[Information shown — start]

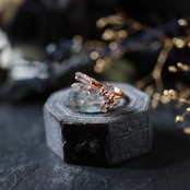 アクアマリンと柱状のクォーツ結晶が共生する、創造上の鉱物「Unionite」のイヤーカフ。
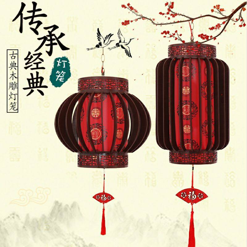 Chinese Imitation Antique Rotating Lantern Pendant Lamp China Wind Indoor Living Room Balcony Tea House Decorated Wooden Vintage Palace Lantern
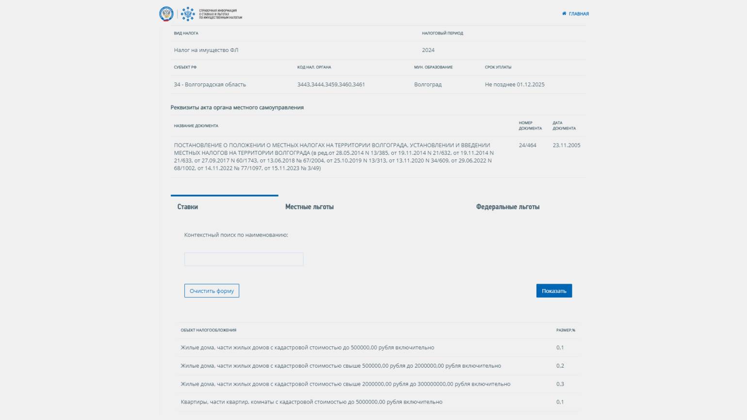 Скриншот: «Справочная информация о ставках и льготах по имущественным налогам» / ФНС России / Skillbox Media
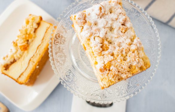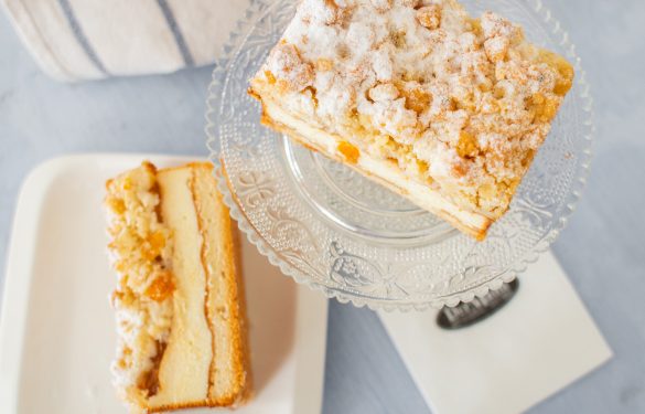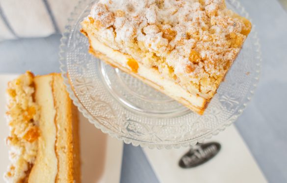 Die aus Mürbteigböden, feiner Topfenmasse und fruchtiger Marillenfülle zubereitete und mit knusprigem Butterstreusel vollendete Mehlspeise verwöhnt den Gaumen mit ihrem erfrischenden Aroma.
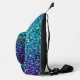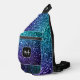 Blue faux glitter sparkles Custom Monogram Sling Bag. Cool fashion accessory bag for her. Beautiful girly glamourous blue shiny glitters sparkles design. Create a unique and personalised bag with a custom touch! Modern monogram with your initial and your name for that extra personal flair. We use Photo of sparkles, not real glitter!
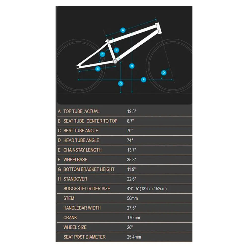Cranks: 3-pc Cr-Mo, 170mm, American Bottom Bracket, 140mm Spindle Length, 19mm Spindle Diameter, 25T SE Sprocket.
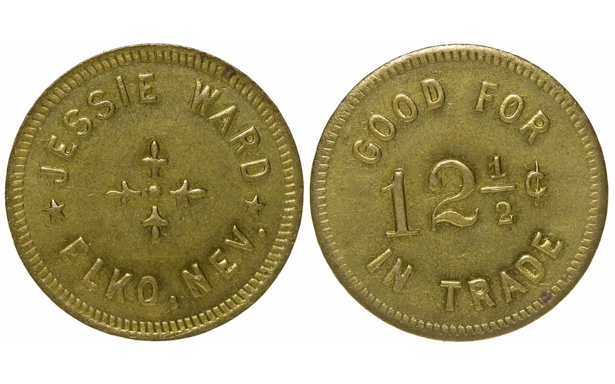 Round, brass, 31mm, Obverse, "Jessie Ward/ Elko, Nev." Reverse, "Good for 12 1/2 cents in Trade." Condition: Unc. - HKA#66205
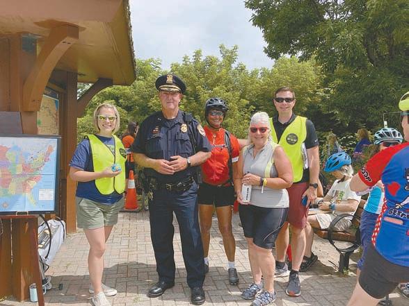 Melanie Perrault, Chief Mark Cuzzupoli, and Garrett Roe (r) greeted two cyclists in Brockport. Photo by Karen Fien.
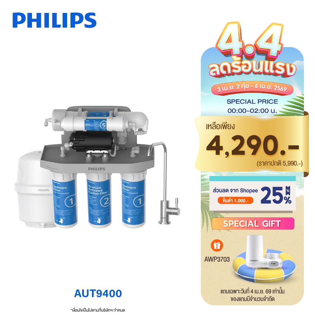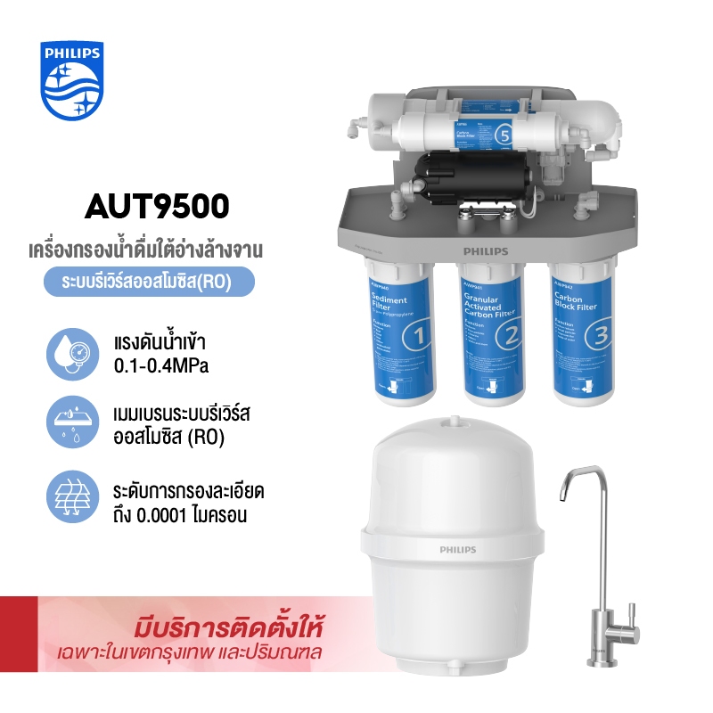 Philipswater AUT9400 เครื่องกรองน้ำดื่มใต้อ่างล้างจาน เครื่องกรองน้ำ กรอง 5 ขั้นตอน ระบบการกรอง RO
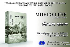 Шинжлэх ухаан технологийн сангаас санхүүжүүлж ШУА-ийн Түүх, Археологийн хүрээлэнгийн хэрэгжүүлсэн “Монгол гэр” төслийн үр дүн “МОНГОЛ ГЭР” ТАЙЛБАР ТОЛЬ номын нээлт болно.
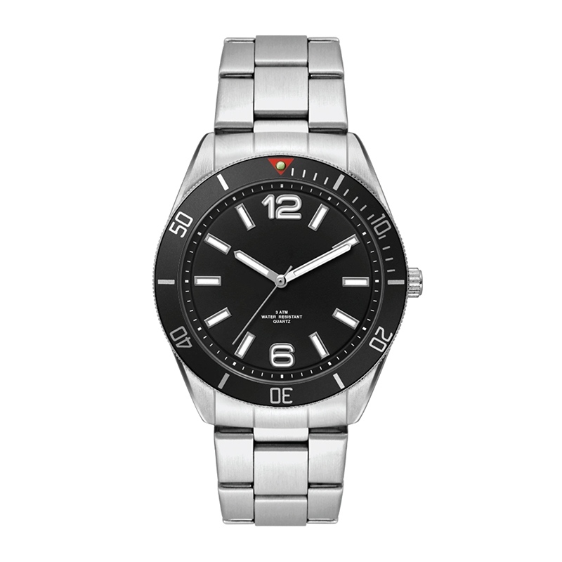 42MM METAL MATTE SILVER CASE, 3 HAND MVMT, BLACK DIAL, BK ROTATING BEZEL, SILVER BRACELET, FLAT MINERAL CRYSTAL, 3 ATM WTR RESISTANT
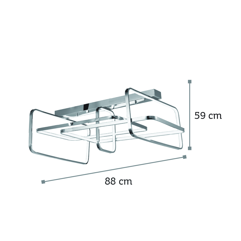 Πρόκειται για ένα χρώμιο φωτιστικό οροφής κατασκευασμένο από αλουμίνιο. Στο εσωτερικό του υπάρχει λευκή ακρυλική επιφάνεια που καλύπτει τον led φωτισμό απόχρωσης φυσικού χρώματος. Κατάλληλο και για χαμηλοτάβανους χώρους.
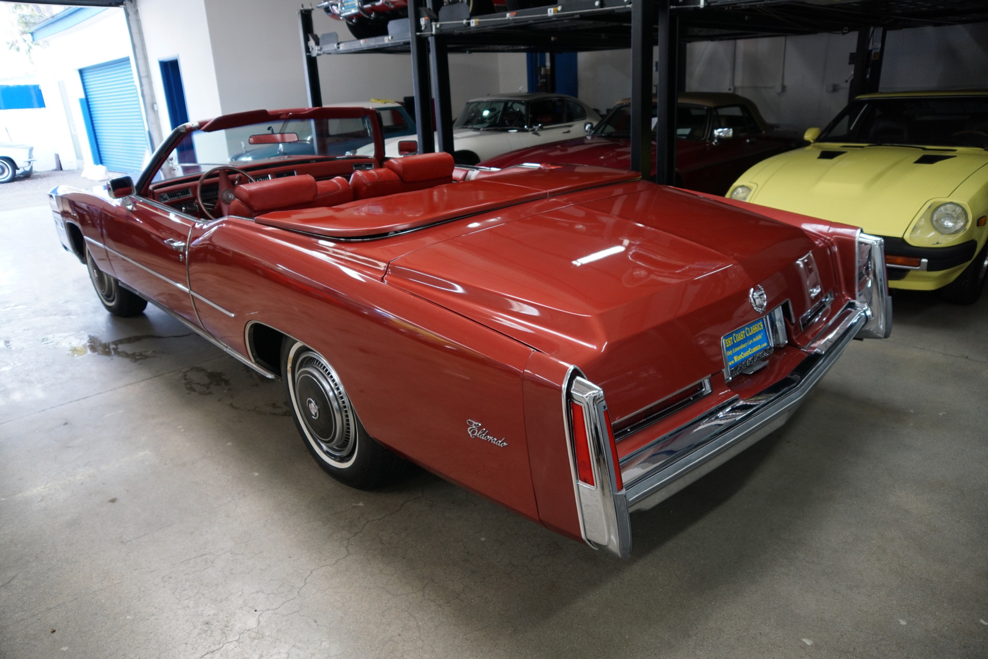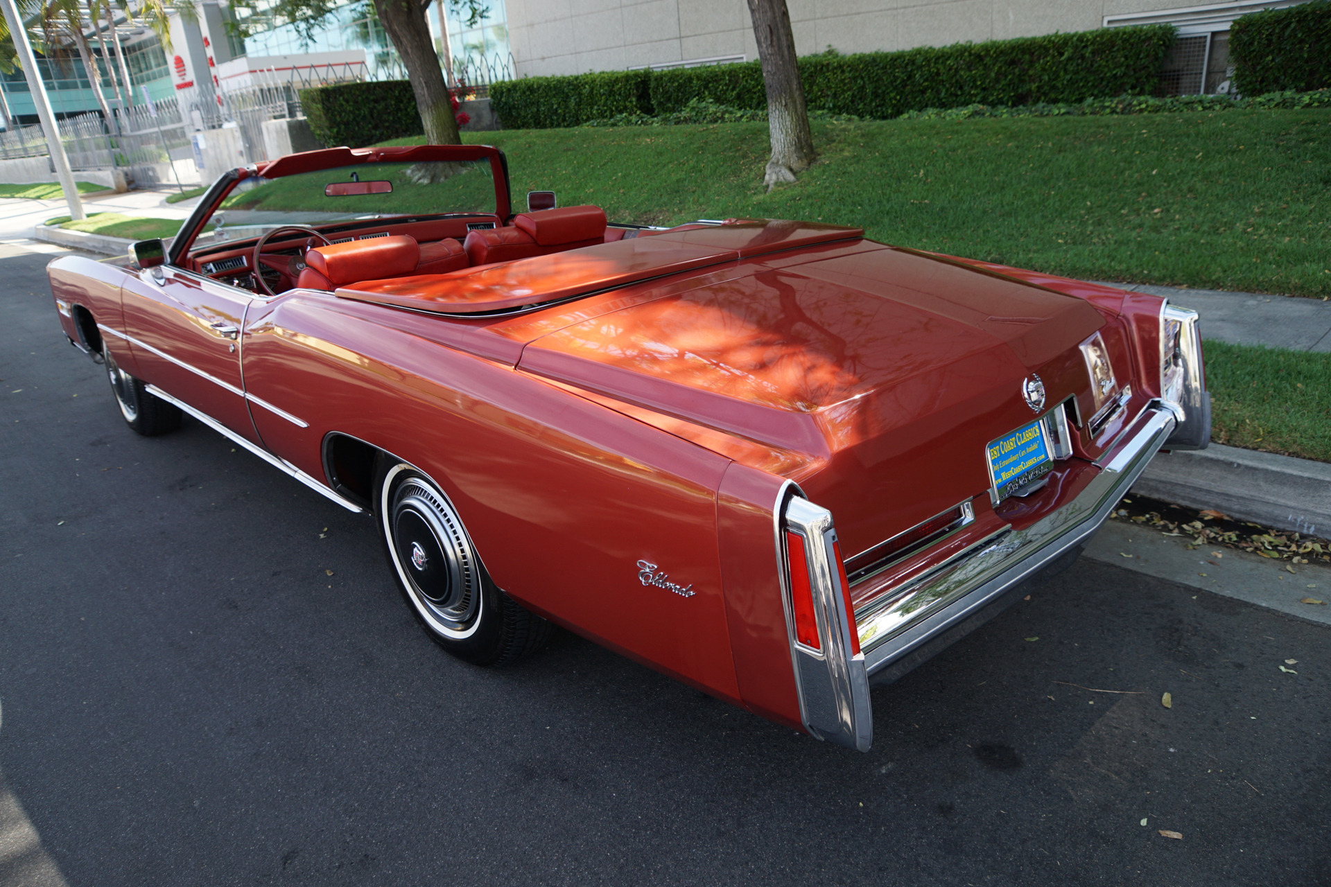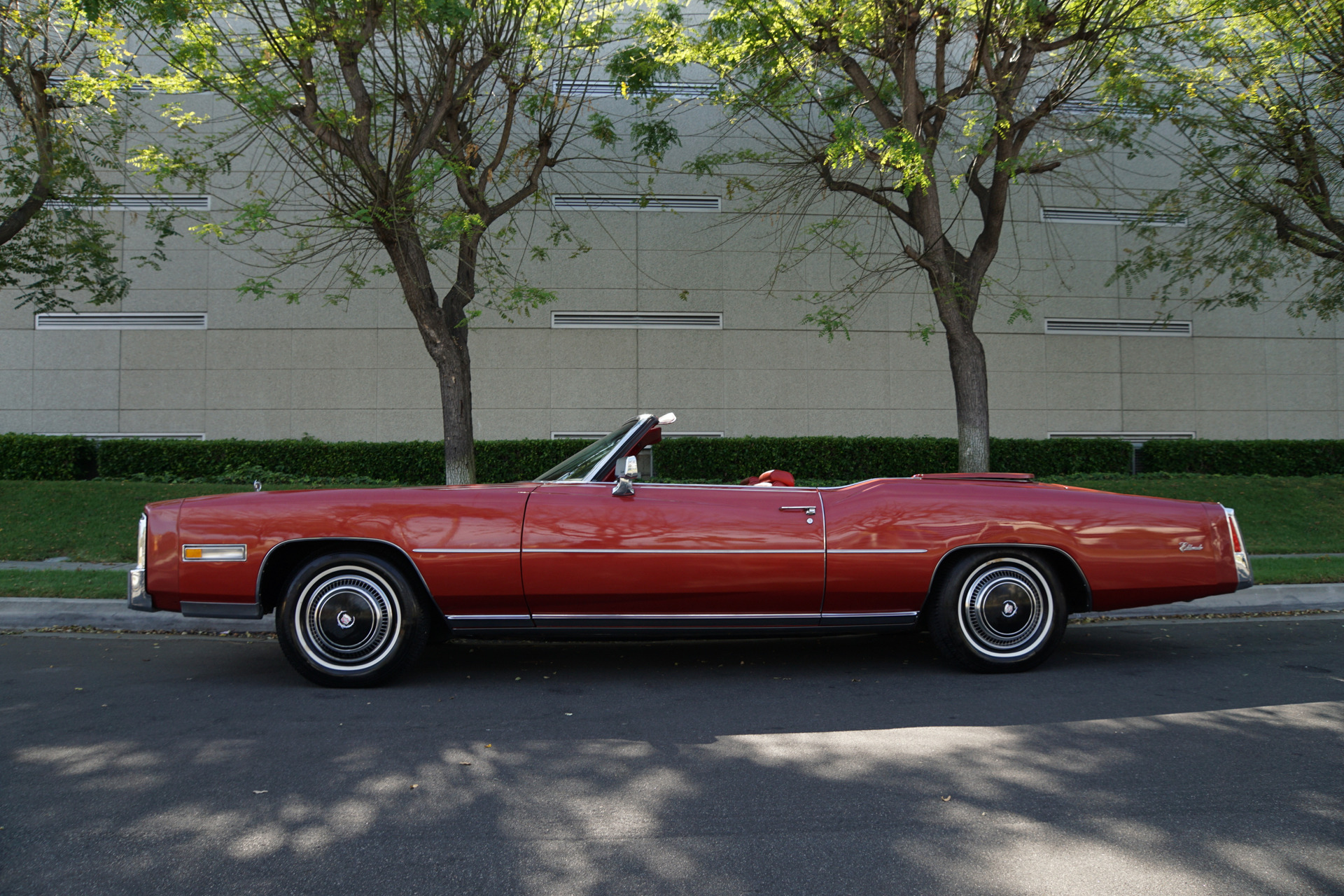 West Coast Classics are proud to present an absolutely stunning, exceptional and completely rust free example of this last year 1976 Cadillac Eldorado Convertible with all it's original factory specifications including it's original 500 c.i. V8 engine with an undocumented but as stated by it's previous original ownership and quite obvious 952 (Yes - Nine Hundred & Fifty Two!) original miles! The car's original factory options including power soft top, automatic climate control, soft ray glass, steel belted radial white wall tires, power door locks, leather upholstery, 6 way driver power seat adjuster, high energy ignition, digital clock, auto level control, automatic transmission, power steering, power windows, dual power brakes, 4 wheel disc brakes and factory installed options including tilt and telescope steering wheel, remote control trunk lock, carpeted floor mats, twilight sentinel, rear window defogger, cruise control, illuminated vanity mirror, illuminated entry system, automatic door locks and AM/FM radio with a power antenna and factory parade boot!

[Information shown — finish]

• What is being asked:
Please give the entries again word for word, without any pictures.

• Result below:
 アクアマリンと柱状のクォーツ結晶が共生する、創造上の鉱物「Unionite」のイヤーカフ。
 Chinese Imitation Antique Rotating Lantern Pendant Lamp China Wind Indoor Living Room Balcony Tea House Decorated Wooden Vintage Palace Lantern
 Скриншот: «Справочная информация о ставках и льготах по имущественным налогам» / ФНС России / Skillbox Media
 Die aus Mürbteigböden, feiner Topfenmasse und fruchtiger Marillenfülle zubereitete und mit knusprigem Butterstreusel vollendete Mehlspeise verwöhnt den Gaumen mit ihrem erfrischenden Aroma.
 Blue faux glitter sparkles Custom Monogram Sling Bag. Cool fashion accessory bag for her. Beautiful girly glamourous blue shiny glitters sparkles design. Create a unique and personalised bag with a custom touch! Modern monogram with your initial and your name for that extra personal flair. We use Photo of sparkles, not real glitter!
Cranks: 3-pc Cr-Mo, 170mm, American Bottom Bracket, 140mm Spindle Length, 19mm Spindle Diameter, 25T SE Sprocket.
 Round, brass, 31mm, Obverse, "Jessie Ward/ Elko, Nev." Reverse, "Good for 12 1/2 cents in Trade." Condition: Unc. - HKA#66205
 Melanie Perrault, Chief Mark Cuzzupoli, and Garrett Roe (r) greeted two cyclists in Brockport. Photo by Karen Fien.
 Philipswater AUT9400 เครื่องกรองน้ำดื่มใต้อ่างล้างจาน เครื่องกรองน้ำ กรอง 5 ขั้นตอน ระบบการกรอง RO
 Шинжлэх ухаан технологийн сангаас санхүүжүүлж ШУА-ийн Түүх, Археологийн хүрээлэнгийн хэрэгжүүлсэн “Монгол гэр” төслийн үр дүн “МОНГОЛ ГЭР” ТАЙЛБАР ТОЛЬ номын нээлт болно.
 42MM METAL MATTE SILVER CASE, 3 HAND MVMT, BLACK DIAL, BK ROTATING BEZEL, SILVER BRACELET, FLAT MINERAL CRYSTAL, 3 ATM WTR RESISTANT
 Πρόκειται για ένα χρώμιο φωτιστικό οροφής κατασκευασμένο από αλουμίνιο. Στο εσωτερικό του υπάρχει λευκή ακρυλική επιφάνεια που καλύπτει τον led φωτισμό απόχρωσης φυσικού χρώματος. Κατάλληλο και για χαμηλοτάβανους χώρους.
 West Coast Classics are proud to present an absolutely stunning, exceptional and completely rust free example of this last year 1976 Cadillac Eldorado Convertible with all it's original factory specifications including it's original 500 c.i. V8 engine with an undocumented but as stated by it's previous original ownership and quite obvious 952 (Yes - Nine Hundred & Fifty Two!) original miles! The car's original factory options including power soft top, automatic climate control, soft ray glass, steel belted radial white wall tires, power door locks, leather upholstery, 6 way driver power seat adjuster, high energy ignition, digital clock, auto level control, automatic transmission, power steering, power windows, dual power brakes, 4 wheel disc brakes and factory installed options including tilt and telescope steering wheel, remote control trunk lock, carpeted floor mats, twilight sentinel, rear window defogger, cruise control, illuminated vanity mirror, illuminated entry system, automatic door locks and AM/FM radio with a power antenna and factory parade boot!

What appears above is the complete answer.